Vader, moeder, haar zoon en de dichter Joseph Brodsky zijn de verse helden. Helden van vroeger die ook nu nog vereerd worden, helden van nu die een verleden en nog een toekomst hebben. De bundel Verse helden geeft kriskras lezend zijn geheimen geleidelijk prijs: de grote die je het eerst ziet en herkent, daarna is het zoeken naar de kleine verborgenheden. Die zijn er volop, maar een aantal blijft in eerste instantie onzichtbaar. Ik blijf zoeken en lezen, geef het niet op, want deze ‘Verse helden vertellen verhalen / grote gebaren en kleine nuances’. Gerry van de Linden sluit de bundel af met het gedicht ‘Nogal leugenachtig lied van de dichter’, waarin ze zich in de slotstrofe afvraagt: ‘Wie zal treuren om de leugen / die ik ben als ik niet meer ben / maar in de aarde opgegaan’. Als je als dichter een waarachtige leugen bent, dan ben je nooit betreurenswaardig.

***
Gerry van der Linden publiceerde elf dichtbundels, een novelle en twee romans. Ze werd in 1975 ontdekt door Remco Campert en debuteerde met de dichtbundel De aantekening (1978). Ze ontving in 2007 de International Poetry Reward of Izmir (Turkije) en haar bundel Glazen jas werd in 2009 genomineerd voor de Brabantse Prijs der Letteren.
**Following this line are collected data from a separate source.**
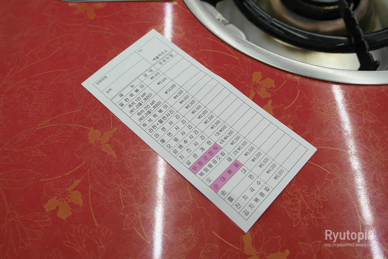 메뉴판은 주문서 영수증으로 대체합니다. 이 가게의 대표 간판메뉴는 무침군만두. 다른 건 몰라도 저건 무조건 시켜야 하지요.
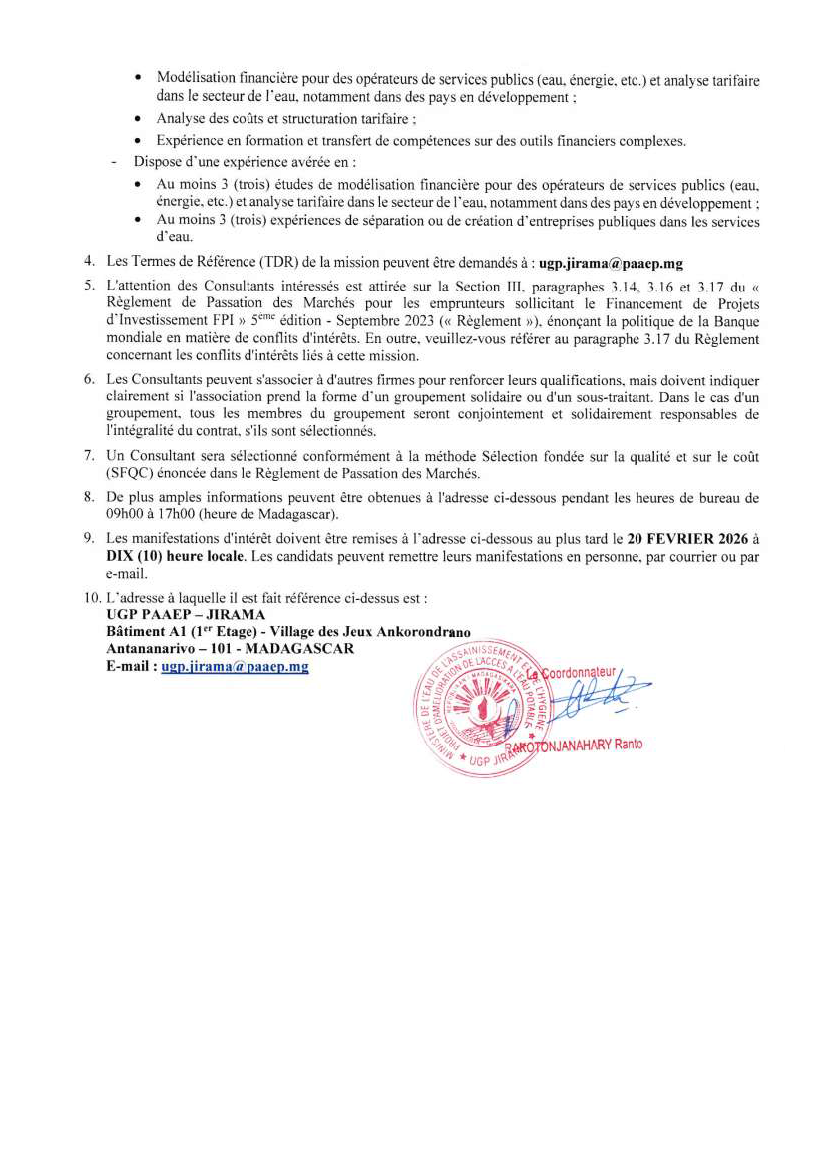 APPEL A MANIFESTATION D'INTERE N° PAAEP – 001/26 – WJIR-C pour ETUDE VISANT A PROMOUVOIR LA SEPARATION DES COMPTES ENTRE LES ACTIVITES "EAU" ET "ELECTRICITE", A ELABORER UN MODELE FINANCIER OPERATIONNEL DE L'ACTIVITE "EAU" AFIN DE SERVIR D'OUTIL D'APPUI AU CYCLE BUDGETAIRE ET COMPTABLE AINSI QU'A LA REVISION DE LA GRILLE TARIFAIRE "EAU" ET A ELABORER UNE FEUILLE POUR LA SEPARATION OPERATIONNELLE ET JURIDIQUE DE LA BRACHE "EAU" DE LA JIRAMA
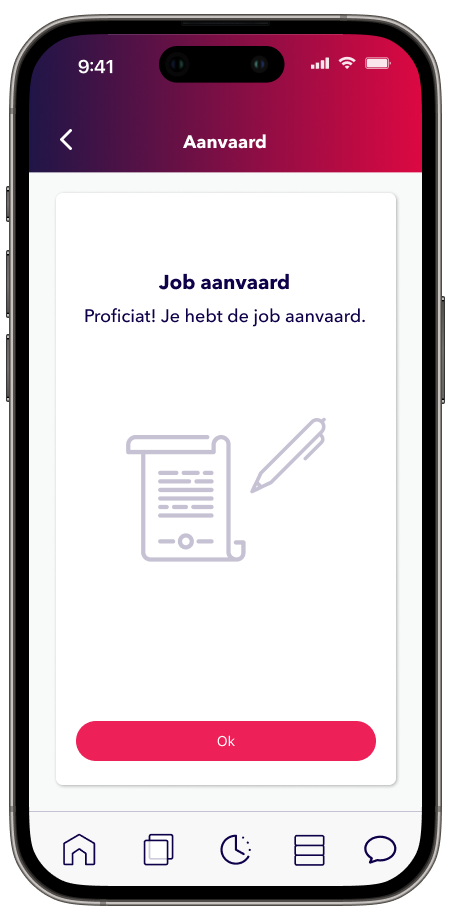 Heb je een match? Dan ontvang je een contractvoorstel rechtstreeks in de app. Accepteer het voorstel en maak je klaar om uit de startblokken te schieten. Because you’re good to go!
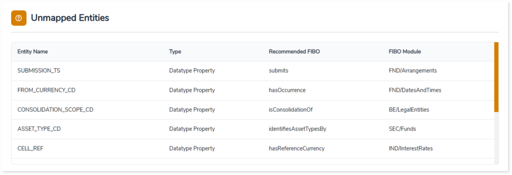 The Unmapped Entities section highlights enterprise entities that have not been mapped to the selected ontology during the alignment process. It lists unmapped tables or attributes along with their entity type and provides recommended ontology concepts (for example, FIBO properties or classes) to guide potential mappings.
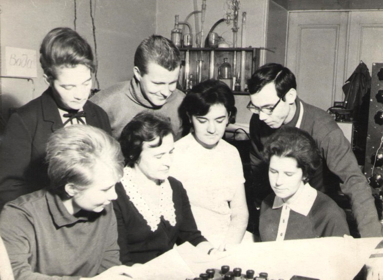 Студенты радиофизического факультета Томского государственного университета им. В.В. Куйбышева. Сидит - профессор Сапожников. Средний ряд: крайний слева Эдуард Лещев, ?, ?, ?, Владимир Усков и Владимир Бержанский. Верхний ряд: Игорь Пухов (слева) и Олег Баюков. Снимок 1961 года. Томск.

Gerry van der Linden is docent aan de Schrijversvakschool te Amsterdam, daarnaast is ze beeldend kunstenaar.

 

     Andere berichten

Jan Holman – Jaag de veulens weg

Het verleden als obstakel voor vernieuwing door Paul Roelofsen - - Een verontrustende titel, die bij mij direct de vraag opriep waarom...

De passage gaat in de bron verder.